# [About this exercise]
Below are records that hold pictures; write out only the lines from their start through the line with "A céh az azonos", exactly, and drop the pictures.

# [Data in this exercise]
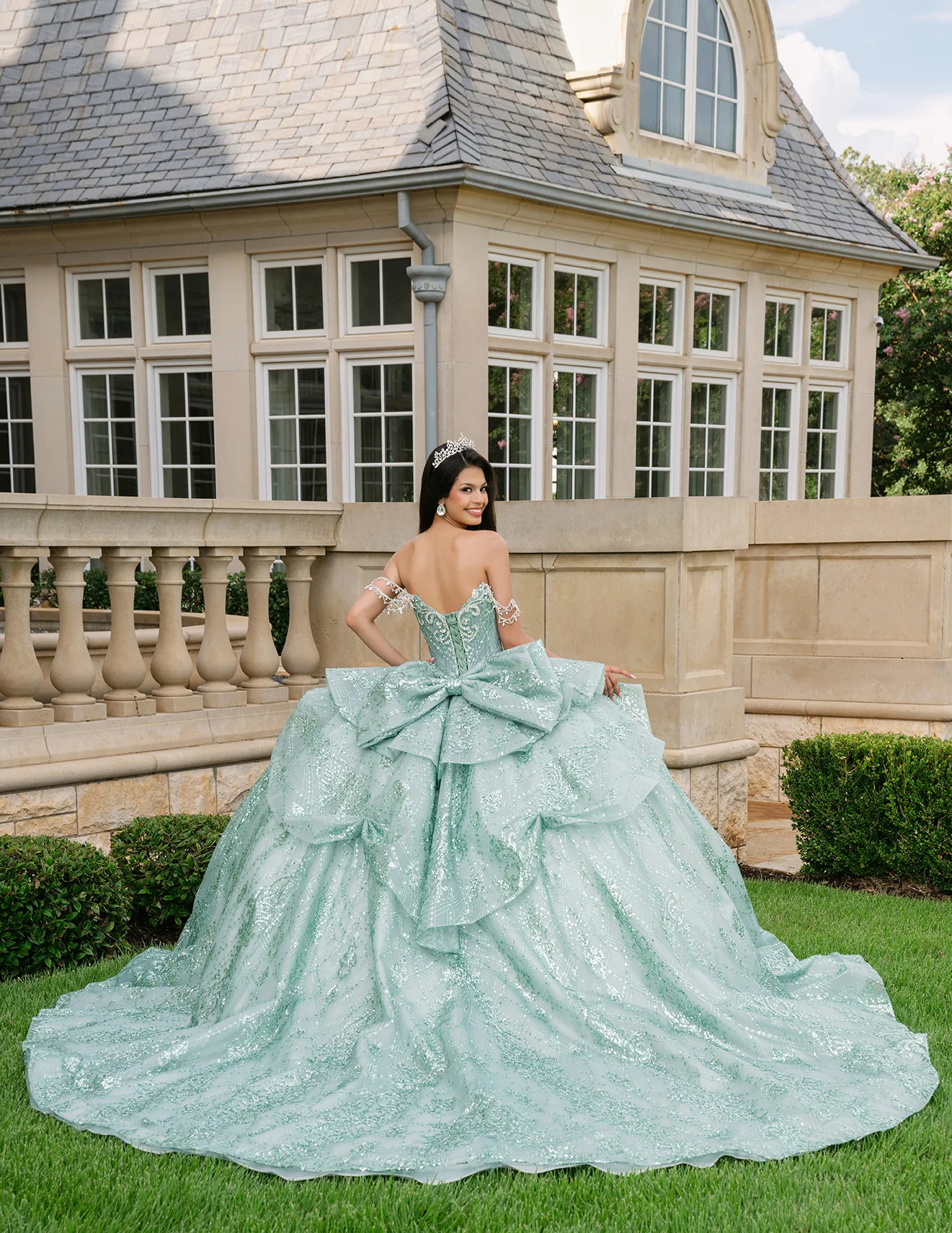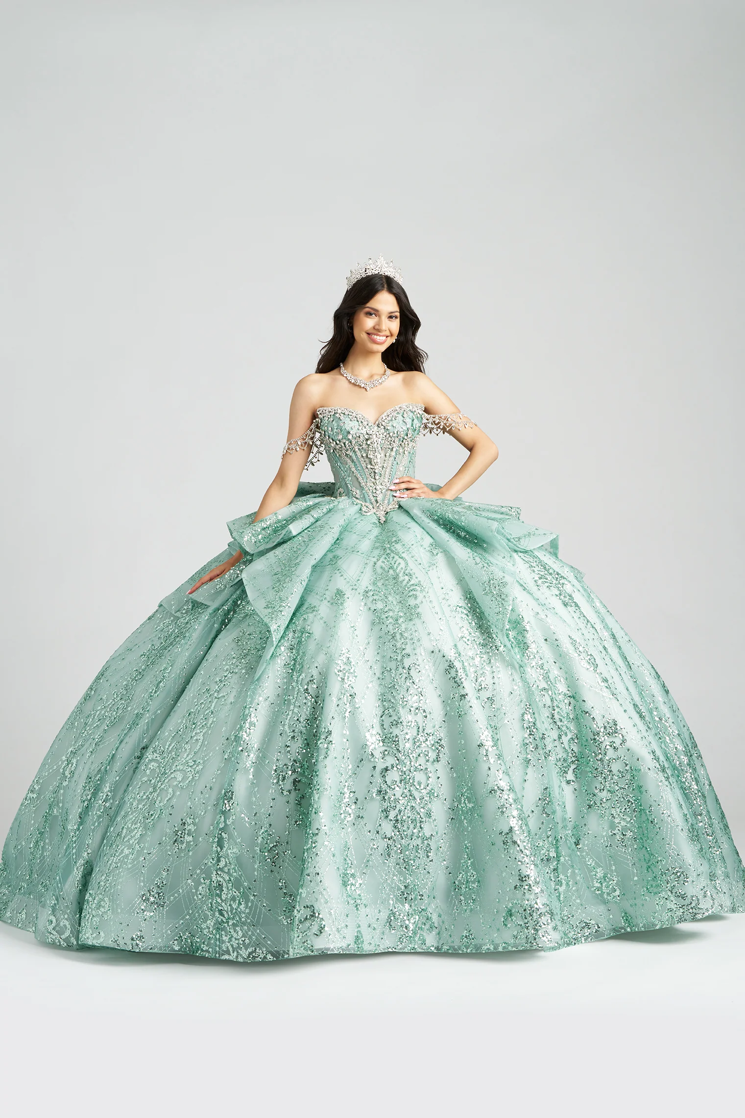 Ideal para una temática de La Sirenita o la princesa Ariel, este vestido es perfecto para un evento al aire libre donde cada destello cobre vida. El corpiño de ojo de gato, cubierto de cristales, estiliza la figura y se funde con una cintura esculpida.  La falda de tul con purpurina brilla con cada paso, creando un efecto mágico, mientras las mangas de cristal desmontables y el lazo espectacular permiten personalizar un look digno de un cuento bajo el mar.
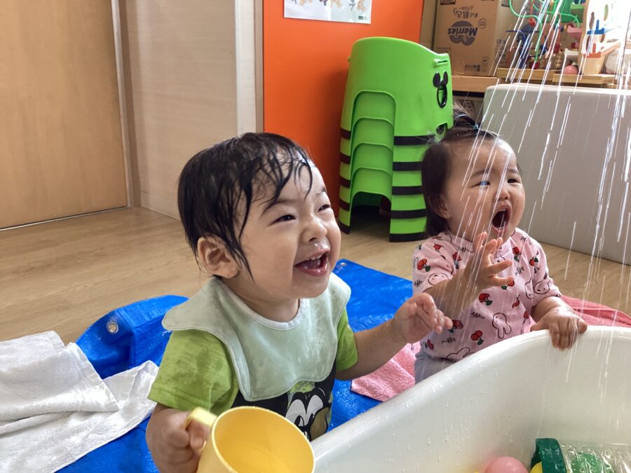 五感を刺激しながら、水の感触や冷たさ、気持ち良さをご機嫌で楽しんでいます😄
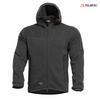 100% polyester 140Gsm Fleece Hoody with a natural knitted wool appearance texture and fine inner fleece backing, hand and arm pockets are seamlessly bonded with hard-shell fabric.
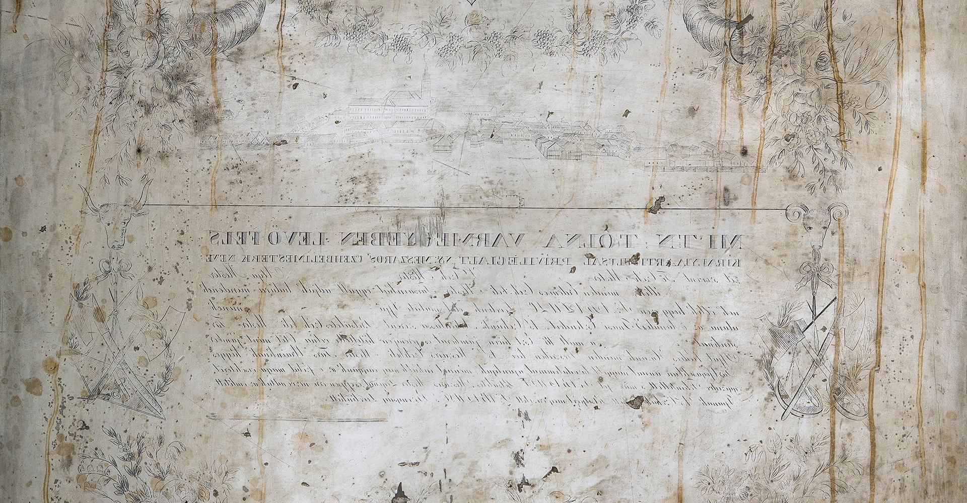 A céh az azonos szakmát folytató kézművesek érdekvédelmi szervezete volt a feudalizmus korában. Végső felszámolásukra csak 1872-ben került sor. A céhes ipartörténet korából rengeteg tárgyi emlék maradt fent, melynek egyik különleges példánya a márványból faragott litográf negatívkő (1. ábra), mellyel a szekszárdi mészáros céh mesterlevelét nyomtatták az 1830-as években.
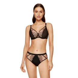 Elegantné nohavičky v čierno-béžovej farbe. Sú vyrobené z hladkého úpletu, sieťoviny a výšivky s kvetinovým vzorom. Na zadnej strane nohavičiek je pútavé tylové zdobenie. Široký lesklý elastický pás udržiava nohavičky na svojom mieste. Pás nohavičiek je vyrobený z bavlny OEKO-TEX?, vďaka ktorej sú nohavičky pohodlné a bezpečné pre intímnu oblasť. Nohavičky sú navrhnuté a ušité v Poľsku.
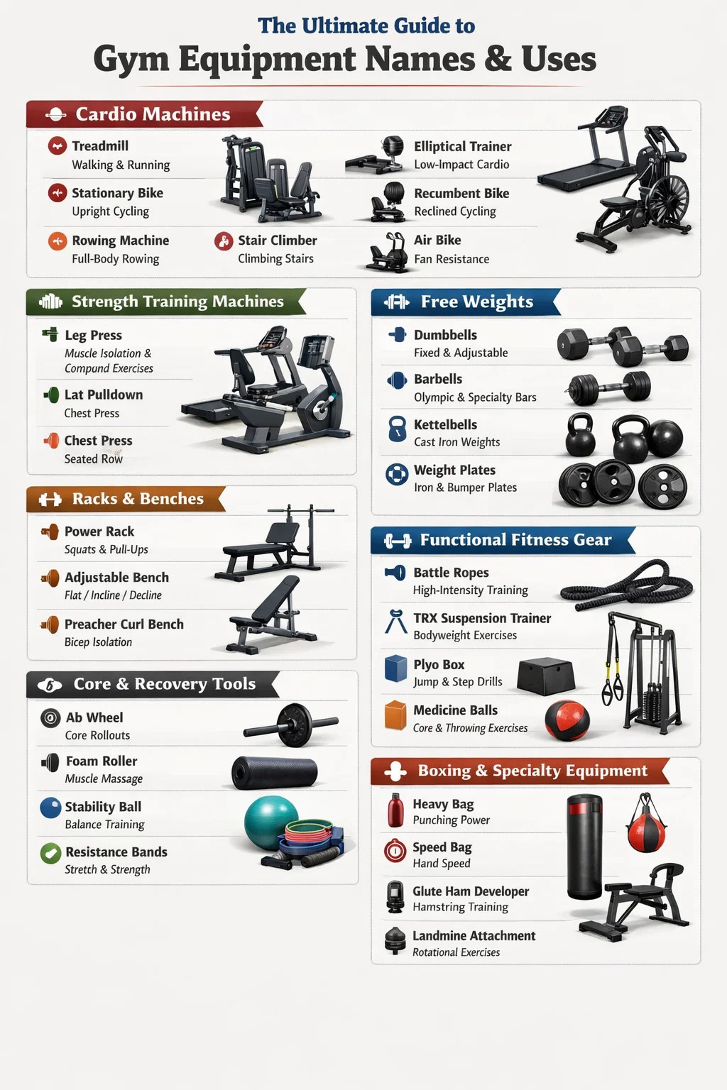Whether you're building a home gym, starting at a commercial fitness center, or just trying to learn the terminology before your first session with a personal trainer, understanding the names and functions of gym equipment is the first step toward using them confidently and safely.
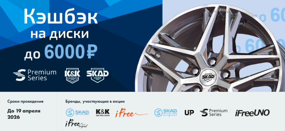 Получите кэшбэк до 6 000 рублей при регистрации чека на покупку от 4-х дисков одного артикула из числа брендов iFree, iFreeUNO, iFreeOriginal,WUP, SKAD, SKAD Original, K&K или Premium Serie с 01.03.2026 по 19.04.2026
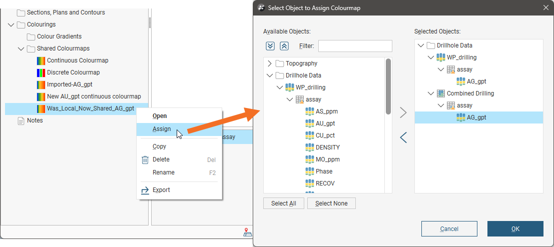 - A shared colourmap can be used by multiple objects in a project. Shared colourmaps are stored in the Colourings > Shared Colourmaps folder. You can see what objects are using any given colourmap by right-clicking on it in the project tree and selecting Assign. This opens a window that lists wherever the colourmap is used and also allows you to share it to other suitable objects in the project.
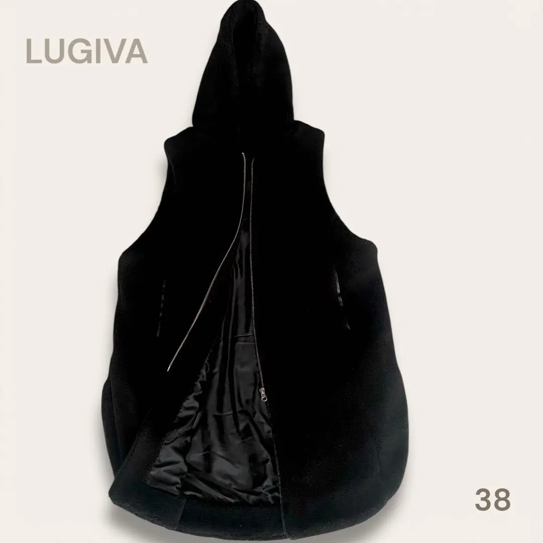【暖かい】LUGIVA ノースリーブボアロングジャケット ブラック 38

# [Exercise output]
 Ideal para una temática de La Sirenita o la princesa Ariel, este vestido es perfecto para un evento al aire libre donde cada destello cobre vida. El corpiño de ojo de gato, cubierto de cristales, estiliza la figura y se funde con una cintura esculpida.  La falda de tul con purpurina brilla con cada paso, creando un efecto mágico, mientras las mangas de cristal desmontables y el lazo espectacular permiten personalizar un look digno de un cuento bajo el mar.
 五感を刺激しながら、水の感触や冷たさ、気持ち良さをご機嫌で楽しんでいます😄
 100% polyester 140Gsm Fleece Hoody with a natural knitted wool appearance texture and fine inner fleece backing, hand and arm pockets are seamlessly bonded with hard-shell fabric.
 A céh az azonos szakmát folytató kézművesek érdekvédelmi szervezete volt a feudalizmus korában. Végső felszámolásukra csak 1872-ben került sor. A céhes ipartörténet korából rengeteg tárgyi emlék maradt fent, melynek egyik különleges példánya a márványból faragott litográf negatívkő (1. ábra), mellyel a szekszárdi mészáros céh mesterlevelét nyomtatták az 1830-as években.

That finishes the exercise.